Explore how Motadata can give your team full visibility into DHCP infrastructure — from real-time port monitoring and rogue server detection to lease analytics and automated alerting. Reduce MTTR, prevent outages, and simplify IP address management across your entire network.
FAQs
DHCP uses two UDP ports: port 67 (server-side, for receiving client requests) and port 68 (client-side, for receiving server responses).
Port 67 is used by the DHCP server and relay agents to receive incoming Discover and Request messages from clients. Port 68 is used by DHCP clients to receive Offer and ACK messages from the server.
DHCP clients do not have an IP address when they first contact the server, making TCP’s connection-based handshake impossible. UDP’s connectionless, broadcast-capable nature allows clients to send requests without a pre-existing IP, making it the correct choice for DHCP.

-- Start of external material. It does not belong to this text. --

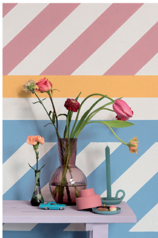
Urban Optimism Art Deco 03.jpg

If port 67 is blocked, the DHCP server cannot receive client requests. If port 68 is blocked, clients cannot receive IP offers or acknowledgments. In either case, devices will fail to obtain valid IP addresses and will typically fall back to APIPA addresses in the 169.254.x.x range.
A DHCP Discover packet is sent from source port 68 (on the client) to destination port 67 (on the DHCP server). Since the client has no IP address yet, the packet is sent as a broadcast to 255.255.255.255.
Relay agents forward client requests to the DHCP server on port 67. The server then sends its response back to the relay agent on port 67, which forwards it to the client on port 68.
Yes — both servers listen on port 67. If multiple DHCP servers are on the same subnet, they will both respond to client Discover messages. The client accepts the first offer it receives. This can cause issues if the servers have different configurations, which is why DHCP snooping and careful network design are important in multi-server environments.
On Windows, run netstat -an | findstr “67 68” in Command Prompt. On Linux, use ss -u -l -n or netstat -ulnp | grep -E ’67|68′. For network-level inspection, use Wireshark with the filter udp.port == 67 or udp.port == 68.